Dataset excerpts:
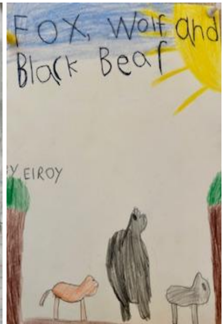
Elroy - Juniors
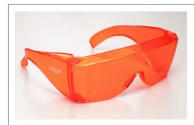
Eye Protection Glasses
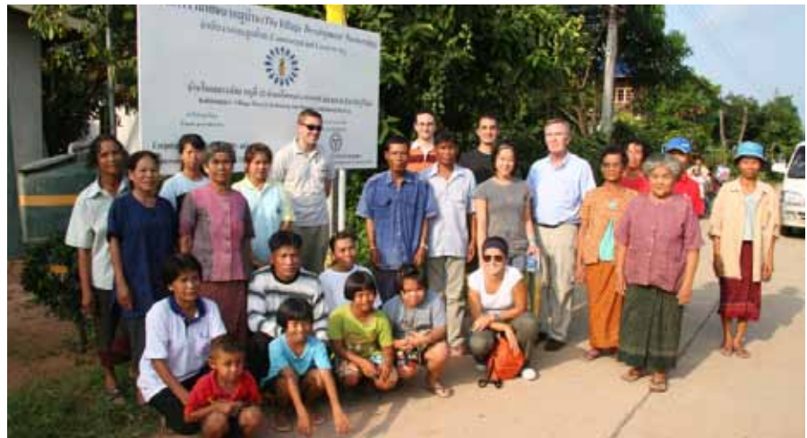
Sponsoring Company Personnel and Villagers
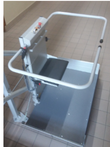
(Above) The new incline platform lift at the Washington Township Community Hall. The seat flips up to allow room for wheelchair access to all levels of the building.

During the past 3 ½ years, the Washington Township Community Hall Board of Managers has been working hard to accomplish many projects to improve and restore the Community Hall: installing a new roof to prevent further water damage, working with ComEd to retrofit all the fluorescent lighting to LED, painting of the entire interior of the building, replacing the broken block windows upstairs, rebuilding the crumbling brick façade on the front of the building, replacing the worn and rusted exterior doors, refinishing the wooden floors upstairs and installing a new water fountain with bottle filler. But perhaps one of our biggest accomplishments was to have an ADA compliant incline platform lift installed to allow full access to all levels for anyone that is physically challenged. Once we receive final approval from the State Fire Marshall, the lift will be fully operational. And it is important to note that all of these projects were completed well within budget so no additional funds were required.
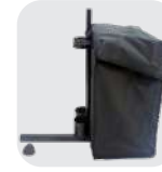
Rear Shopping Bag
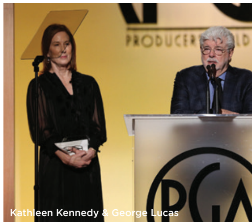
Kathleen Kennedy & George Lucas
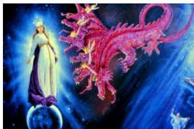
Satan is angry with God's people who have the Testimony of Jesus.

Here are two prophets living at the time of Christ's birth: Simeon and Anna. Some are amazed to think that a woman should fit into the prophetic work, but prophetesses are not uncommon in the Bible. There was Miriam, who prophesied by the Red Sea. There was Deborah, who went into battle with Barak.
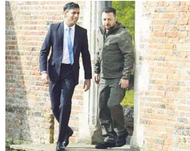
LONDON

British Prime Minister Rishi Sunak on Monday laid out a warm welcome for Ukrainian President Volodymyr Zelenskyy on a surprise visit to the UK and reiterated his support for the war-torn European nation by offering further military support, including air defence missiles and armed drones.
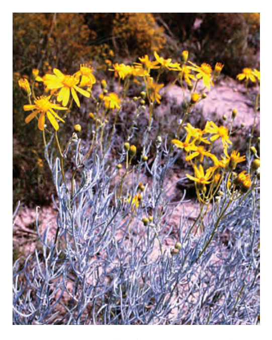
Figure 25A. Threadleaf or wooly groundsel (Senecio flaccidus).

Riddell's groundsel is a bright green herbaceous perennial approximately 1.5 feet tall; stems are smooth and leafy above; leaves are thread-like; the
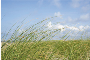
ENVIRONMENTAL BALANCE IN DESIGN AND CONSTRUCTION

Work item
Both the line containing "Sponsoring Company Personnel and Villagers" and the line containing "(Above) The new" above belong in the output, as do the lines between them. Print them exactly, without pictures.

Task response
Sponsoring Company Personnel and Villagers
(Above) The new incline platform lift at the Washington Township Community Hall. The seat flips up to allow room for wheelchair access to all levels of the building.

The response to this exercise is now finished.